Unsolicited comment of the week:
Love how fast your website is, btw
And then...
For real, I had to check the network tab because I couldn't believe how fast it felt when I already knew, based on reading it, that you wouldn't be using a CDN and that it would be a server on a different continent, maybe a low spec solar powered one too
Yep, off-grid, running in my kitchen cupboard directly below me, on an FTTC line!
2021-03-14: DNS Primary Fun
Last month I got a reasonable off-site, off-continent DNS secondary running.
Today's task is to move the primary from the old RPi server to the new one.
The steps are something like:
- Clone the (SVN) repository for the old primary to the new machine (ie have the audit trail local to the new primary).
- Keep an off-server archive/recovery snapshot of the repository.
- Create the DNS working files area for the new primary on the new server.
- Do a test build of all the records and files, and eyeball.
- Ensure that the latest BIND9 is on the new primary.
- Hook up the new BIND9 server to use records from a
make install
from the DNS area, and do one. - Add Ansible support for DNS primary files/status.
- Make sure that the right authoritative records are served by the new primary.
- Adjust the networking configuration of old and new RPis to serve one of the local address from the new server, leaving the other with the old primary, and ensure that it correctly serves requests, eg inbound from the Internet.
- (At this point the new primary is up and taking some of the load.)

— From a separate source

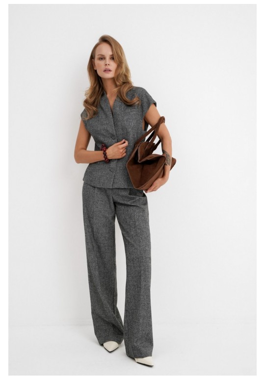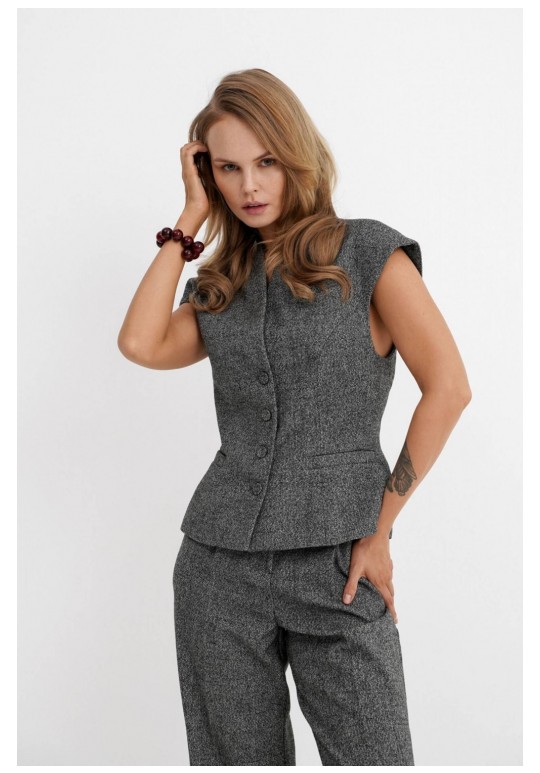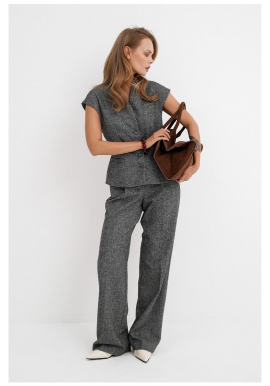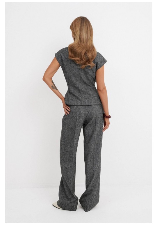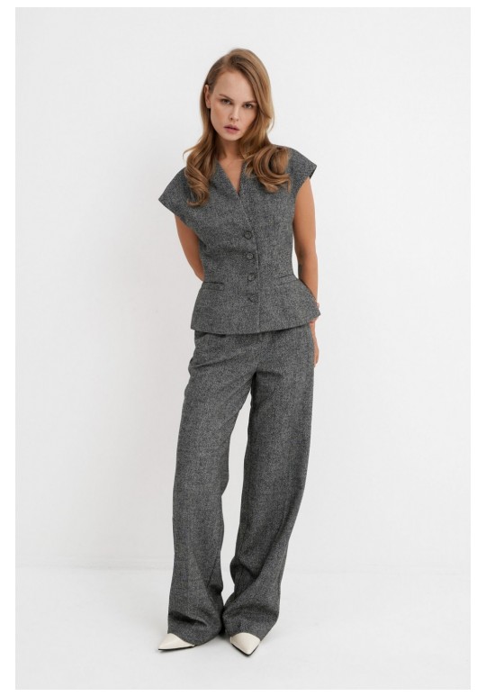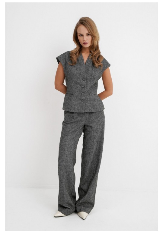 Костюм-двойка из приталенного жилета с воротником-стойкой и широких прямых брюк из меланжевой текстильной ткани. Детали: полуприлегающий силуэт, цельнокроеный воротник-стойка, рельефные швы переда и спинки, функциональные карманы, застежка на петли и пуговицы, жилет на подкладке. Брюки с притачным поясом со шлевками, передние половины с небольшими застроченными мягкими складками и заутюженными стрелками, застежка на молнию и пуговицу, боковые карманы. Задние части брюк с вытачками и заутюженными стрелками. Пояс брюк прямой, без резинки. Длина жилета по спинке около 54 см в размерах 40-46 и около 56 см в размерах 48-52. Длина брюк по боковому шву с поясом около 114 см в размерах 40-46 и около 115,5 см в размерах 48-52. Длина по внутреннему шву около 83 см

- Bring up a secondary in place of the old primary, serving one of the local IP addresses, so that I get some extra redundancy for now.
- (At this point there is a shiny new primary on the new RPi, a secondary on the old RPi on the same network, and a secondary on another continent.)
- Decommission the old primary DNS area, repo, etc, so that it cannot accidentally be run as primary.
- Possibly choose on primary and secondary whether to use (both) as cacheing name servers for local queries, eg via
/etc/resolv.conf
.
(I also sorted out a few things such as 'notify' that I had not really paid attention to before.)
When all that is done I want to tidy up glue records and so on:
- Remove one of the nameservers to get back to a more reasonable three. If two name servers are enough for (say) CloudFlare, then four is surely overkill for me!
- Give the non-UK, non-ExNet name server the off-site IP.
- Fix DNS glue records at the registrars to match.